I’m tired. I almost chose not to write. “I’m not in the mood to bare my soul today,” is what I thought as I considered what I would write about in this post.
I’m tired of trying to understand and explain what I’m experiencing in this unfolding and layered process of becoming more and more un-paralyzed. It is too complex. The complexity itself is exhausting. Because even as I celebrate daily victories, I feel grandly defeated in each day.
In one breath I celebrate being able to reach to the top shelf for a plate and the next I wince at my awkward step-stumble across the kitchen. I grumble as I fumble the package I am trying to open, and I softly smile as I deftly remove the item from inside. I’m as proud of my six smooth steps as I am irritated by the water I spill during the three awkward steps that happen as I move from wood to carpet covered floor.
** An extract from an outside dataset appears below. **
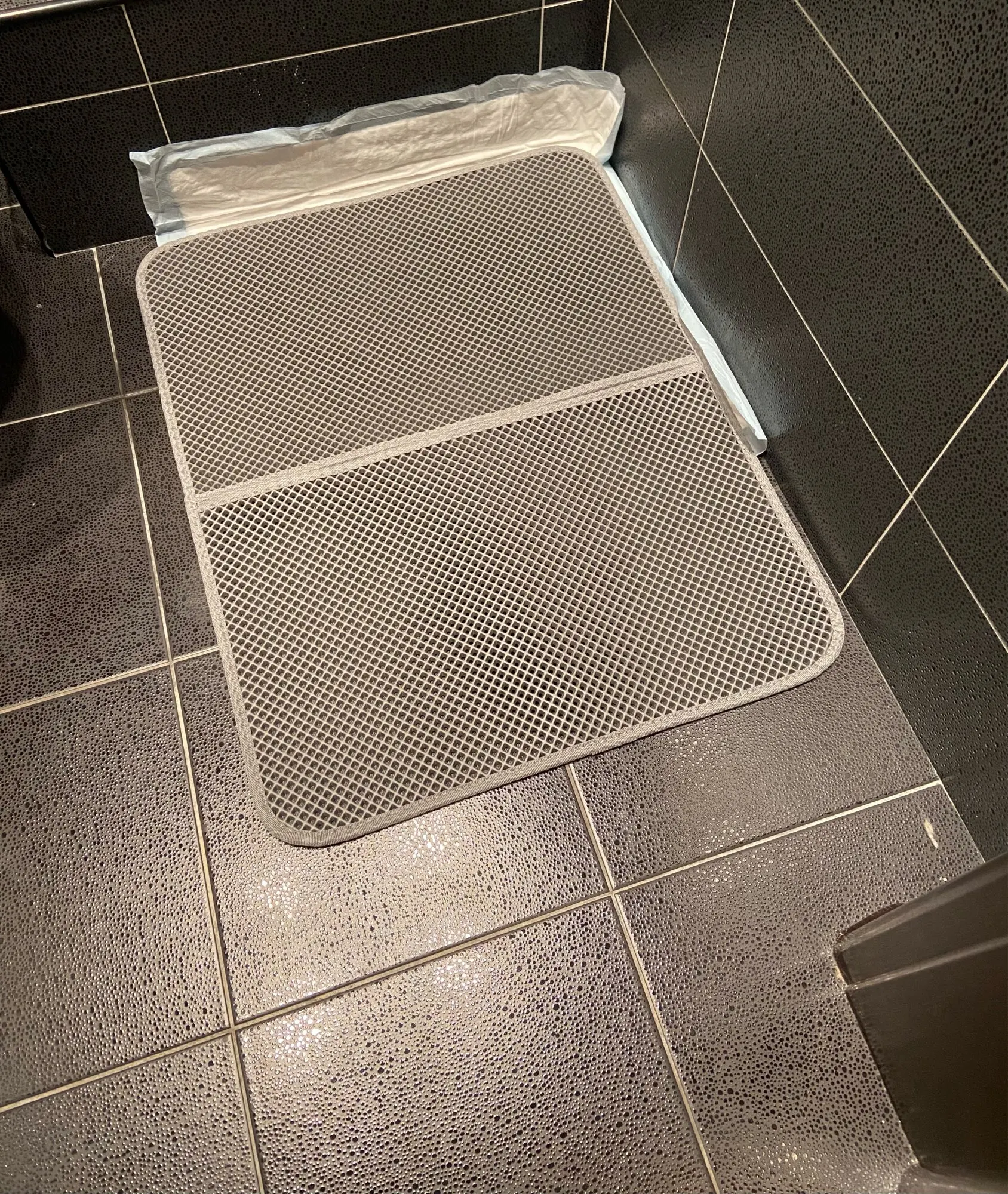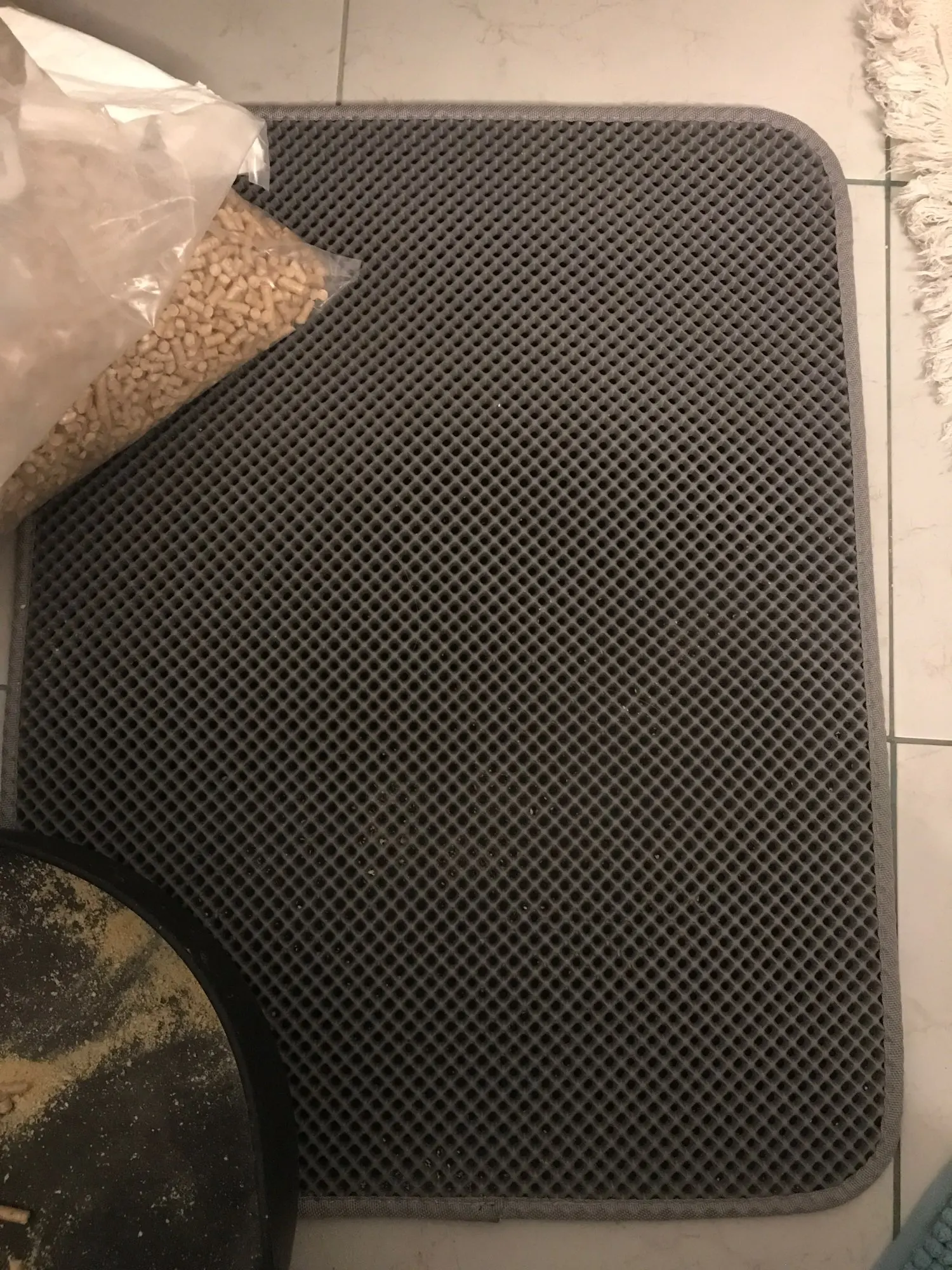Наглядный пример как этот коврик помогает не разносить наполнитель по всем комнатам))

Part of me knows this is all ‘normal’. Regardless of specific circumstance, everyone’s life is as filled with daily challenges and disappointments as it is with success and celebration. It is the game that we call life. It is up to each of us to attend to these wildly rolling circumstances to the best of our ability in each moment. To move through it and let it go. I just have to keep moving forward, moving through time, being as true to myself and life as I can be. I know this as deeply as I forget it regularly.
Like this tired feeling, why in the hell am I so tired? I’ve been fighting with it tooth and nail. All day I’ve been arguing with my tired self, “Why am I so tired? I didn’t do that much. I’ve been resting. I haven’t been ‘over-doing’ so I shouldn’t be tired right?! Blah, blah, blah” on and on the internal voice challenges the feelings of what I’m experiencing. I had completely forgotten that talk I gave myself last week, that it doesn’t matter why I am tired. I don’t need an explanation. When I’m tired and I need to rest. Done.
So I almost didn’t write, so that I could rest. But the part of me that is working on doing what I say I want to do pushed a bit. And I’m happy I did. I feel better both having written and having a better understanding of myself in this complexity. As I wrote to you, I am writing to myself. Thank you for being a reader who helps me come to some kind of clarity about this wild human experience.
May we all be kinder to ourselves. May we all keep celebrating our efforts and soothing our own perceived failures. May we keep loving ourselves when our own expectations are not met by our very own selves and may we learn to set expectations that are in fact meetable.